No movement, movement, sleep or rest, negative mood/stress, and fatigue were frequently identified (over 15%) by participants as pain‐aggravating factors for most pain types, and so too, albeit only for a limited number of pain types, eating (abdominal visceral pain), hot weather (dystonic and central Parkinson's pain), cold weather (dystonic, dyskinetic, and musculoskeletal pain), urination or defecation (abdominal visceral pain), and exercise (dystonic, musculoskeletal, radicular neuropathic, and peripheral neuropathic pain). The most frequently identified (over 15%) pain‐relieving factors across all pain types by participants were movement, sleep or rest, distraction, and exercise. (One exception to this was nocturnal akinesia where distraction was only identified by [13/145, 9.0%] of participants.) Urination or defecation was also reported by a large proportion of participants (45/108, 41.7%) as a relieving factor for abdominal visceral pain.
Pain Topography
3.2.2
Pain topography was only investigated for seven of the 10 pain types; temporomandibular and abdominal visceral pain, and nocturnal akinesia were omitted due to the self‐explanatory topography of these pain types (Table 3). The most frequently localized body segments by participants for dystonic and dyskinetic pain were the lower ([dystonic: foot/feet = 130/146, 70.5% and leg(s) = 100/146, 68.5%]; [dyskinetic: leg(s) 58/90, 64.4%]) and upper limbs ([dystonic: arm(s) = 42/146, 28.8%]; [dyskinetic: arm(s) = 36/90, 40.0%]) followed by the trunk (dystonic [30/146, 20.5%]; dyskinetic [25/90, 27.8%]). A large proportion of participants localized musculoskeletal pain in the back (148/203, 72.9%); however, all segments of the lower and upper limbs were also frequently identified (Table 3). The lower limbs were the most common site of pain identified by participants for most neurologically derived pain types: ([radicular neuropathic: leg(s) = 106/123, 86.2%]; [peripheral neuropathic: foot/feet = 84/106, 79.2% and leg(s) = 40/106, 37.7%]; [RLS: leg(s) = 95/96, 99.0%]). The lower limbs were also the most prominent site identified for central Parkinson's pain; however, it was also common in many other body segments (see Table 3). Excluding the response option ‘other’, pain was localized by participants in a median of 1 (dyskinetic pain and RLS) to 5 (musculoskeletal pain) body segments.
Pain Intensity
3.2.3
Pain intensity was measured for each pain type at its worst, at its least, and on average on a 10‐point scale, where 0 corresponded to no pain and 10 corresponded to pain as bad as you can imagine.
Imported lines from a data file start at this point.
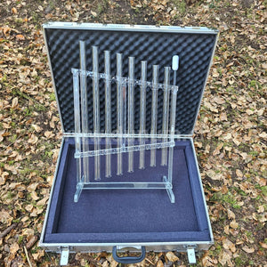 Developed and designed by Francis Robillard, the founder of Cristal Musique, the crystal xylophone was born in May 2011. Since then, it has been revised and perfected to finally reach the current version, which is intended to be optimal and elegant.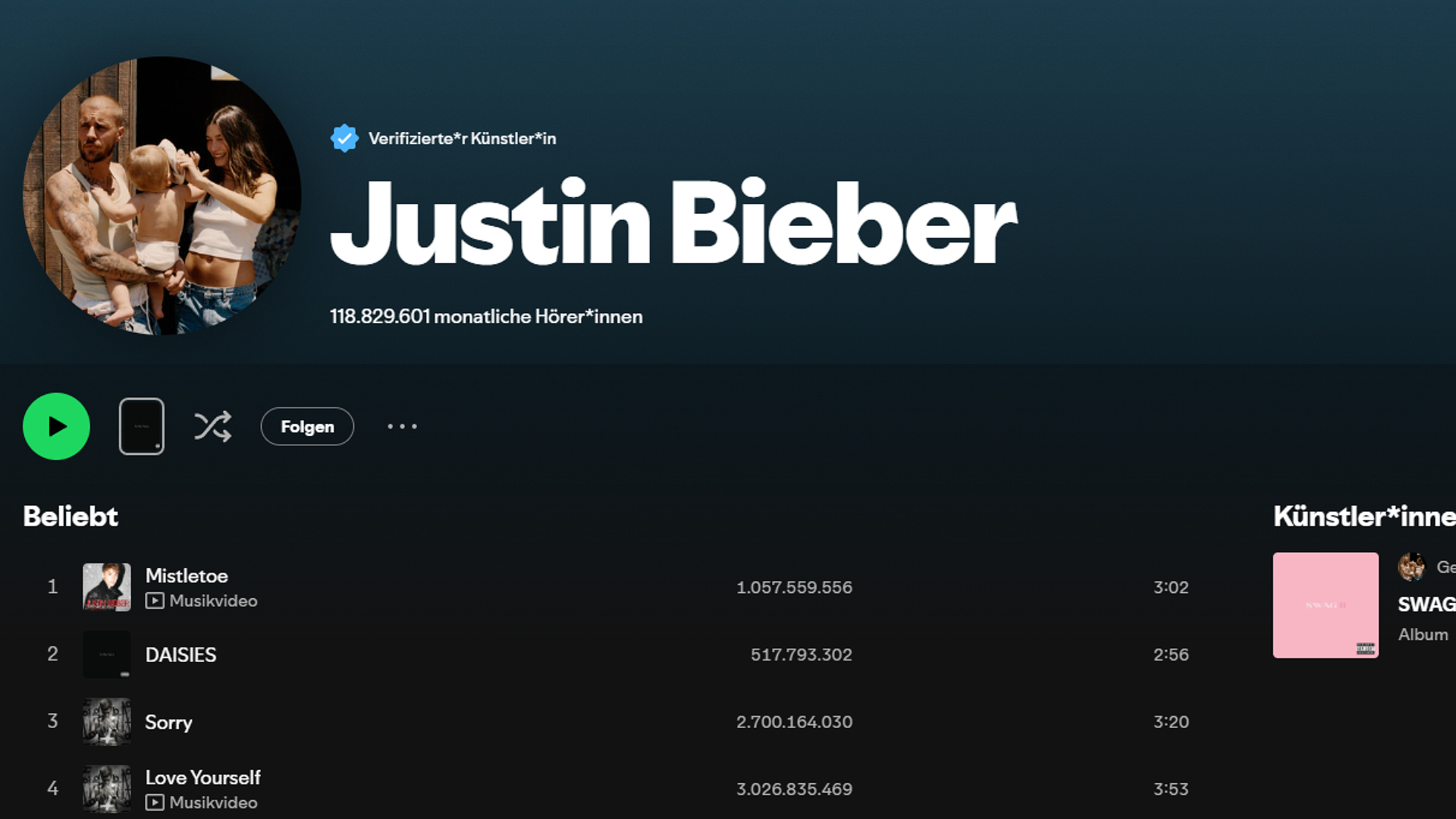 Was ist DEIN meistgestreamter Künstler?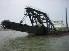 青州水库用绞吸式挖泥机是在疏滩工程中运用较广泛的一种船舶,青州水库用绞吸式挖泥机是利用吸水管前端围绕吸水管装设旋转绞刀装置,将河底泥沙进行切割和搅动,再经吸泥管将绞起的泥沙物料,借助强大的泵力,输送到泥沙物料堆积场,青州水库用绞吸式挖泥机的挖泥、运泥、卸泥等工作过程,可以一次连续完成,青州水库用绞吸式挖泥机是一种效率高、成本较低的挖泥船,是良好的水下挖掘机械。

Pain at its worst ranged from a median of 5 to 7, at its least from 1 to 2, and on average from 3 to 4 (Table 4).
Discussion
4
The aim of this study was to describe the characteristics of common pain types in people with PD. We found that pain was diverse in its presentation, with many participants experiencing multiple pain types in several different body segments at the same time. Adding to this complexity, acute attacks of pain were characteristic for many participants in most pain types and were typically frequent and prolonged. Periods of pain accentuation were most likely to occur in the morning, evening, or night and appeared to be associated with PD medication pharmacology and a variety of exacerbating and ameliorating factors. Fluctuations in pain were found to range from mild to severe in all pain types.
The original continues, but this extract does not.